Conventional architectures struggle to support large-scale linear optimization, and existing algorithms are poorly suited for resistive random-access memory (RRAM)-based in-memory computing (IMC). Method: This paper proposes an algorithm–hardware co-designed distributed IMC framework. It is the first to implement the primal-dual hybrid gradient (PDHG) algorithm on RRAM, employing a symmetric block-matrix structure to unify distributed crossbar operations. This design significantly reduces write overhead from frequent reprogramming and enhances robustness against device non-idealities. Leveraging the MELISO+ physical-level simulation framework, the approach integrates analog-domain matrix computation with robust optimization techniques. Results: On large-scale linear programming tasks, the framework achieves solution accuracy comparable to GPU-based solvers, while delivering up to three orders-of-magnitude reduction in energy consumption and latency. These results demonstrate both the feasibility and superiority of IMC for solving large-scale optimization problems.

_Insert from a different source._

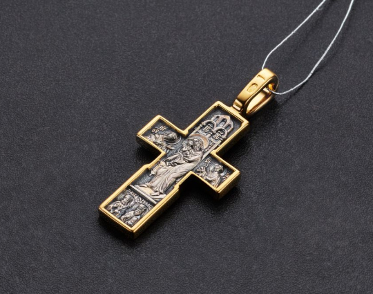 Вверху, над Распятием - Святая Троица. Внизу - иконы Великих Святых. Это Николай Чудотворец и Сергий Радонежский. У них просят помощи в сложных делах, покровительства в решении различных жизненных проблем. Кроме того, они вдвоем обладают даром исцеления.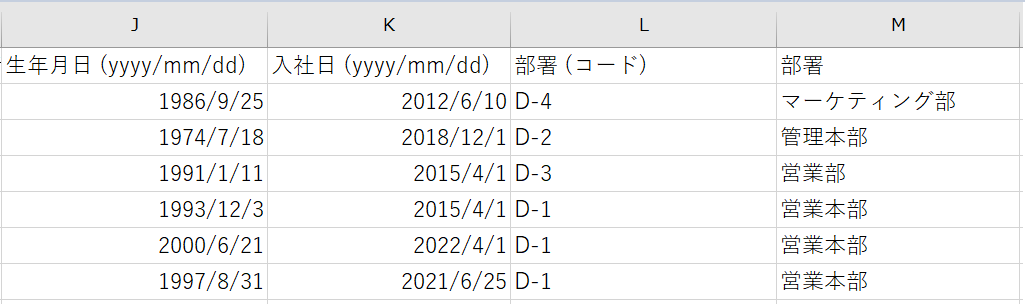2024年9月18日 ユーザー設定のCSVファイルで項目の順番が一部変更されます 2024年09月12日 05:28 更新 ユーザー設定のCSVファイルで項目の順番が一部変更されます 変更前 J列:部署(コード) K列:部署 L列:生年月日 M列:入社日 変更後 J列:生年月日 K列:入社日 L列:部署(コード) M列:部署

The exponential growth of computational workloads is surpassing the capabilities of conventional architectures, which are constrained by fundamental limits. In-memory computing (IMC) with RRAM provides a promising alternative by providing analog computations with significant gains in latency and energy use. However, existing algorithms developed for conventional architectures do not translate to IMC, particularly for constrained optimization problems where frequent matrix reprogramming remains cost-prohibitive for IMC applications. Here we present a distributed in-memory primal-dual hybrid gradient (PDHG) method, specifically co-designed for arrays of RRAM devices. Our approach minimizes costly write cycles, incorporates robustness against device non-idealities, and leverages a symmetric block-matrix formulation to unify operations across distributed crossbars. We integrate a physics-based simulation framework called MELISO+ to evaluate performance under realistic device conditions. Benchmarking against GPU-accelerated solvers on large-scale linear programs demonstrates that our RRAM-based solver achieves comparable accuracy with up to three orders of magnitude reductions in energy consumption and latency. These results demonstrate the first PDHG-based LP solver implemented on RRAMs, showcasing the transformative potential of algorithm-hardware co-design for solving large-scale optimization through distributed in-memory computing.